## Data extract
═══
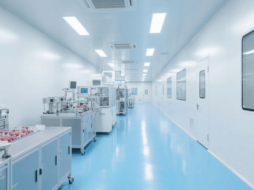 本工程嚴格遵循ISO14644-1Class7及GMP醫療器械生產規范,打造高標準的生物醫療器械制造環境。車間采用醫療級白色抗菌彩鋼板與淺藍防靜電環氧地坪的潔凈配色方案,營造安全、精準的生產空間。
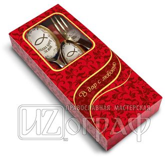 Набор подарочный, столовый, три предмета с гравировкой "Слава Богу за всё"
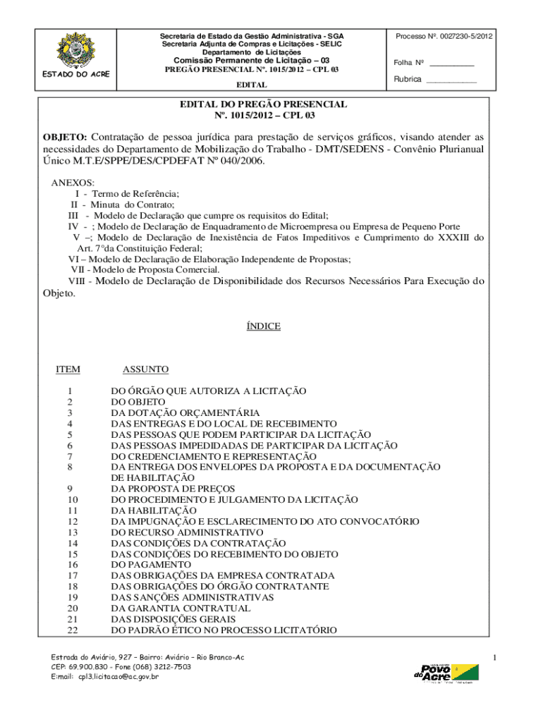 ESTATE DO ACREComisso Permanent de Licitao 03
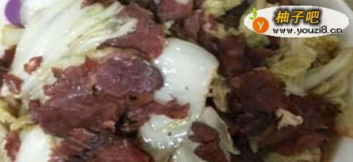 荤素搭配,互为补充,营养全面,具有健脾开胃之效,特别适于体虚者食,对体弱乏力,肺热咳嗽有辅助治疗作用。同时牛肉有丰富的蛋白质和其他营养成分,可补脾胃、益精血;白菜粗纤维丰富,可促进肠胃蠕动,防止便秘。
═══
## Required work
The lines running from the one with "Набор подарочный, столовый, три" to the close of the material above are to be retyped exactly; no picture is to be included.

## Response for this exercise
 Набор подарочный, столовый, три предмета с гравировкой "Слава Богу за всё"
 ESTATE DO ACREComisso Permanent de Licitao 03
 荤素搭配,互为补充,营养全面,具有健脾开胃之效,特别适于体虚者食,对体弱乏力,肺热咳嗽有辅助治疗作用。同时牛肉有丰富的蛋白质和其他营养成分,可补脾胃、益精血;白菜粗纤维丰富,可促进肠胃蠕动,防止便秘。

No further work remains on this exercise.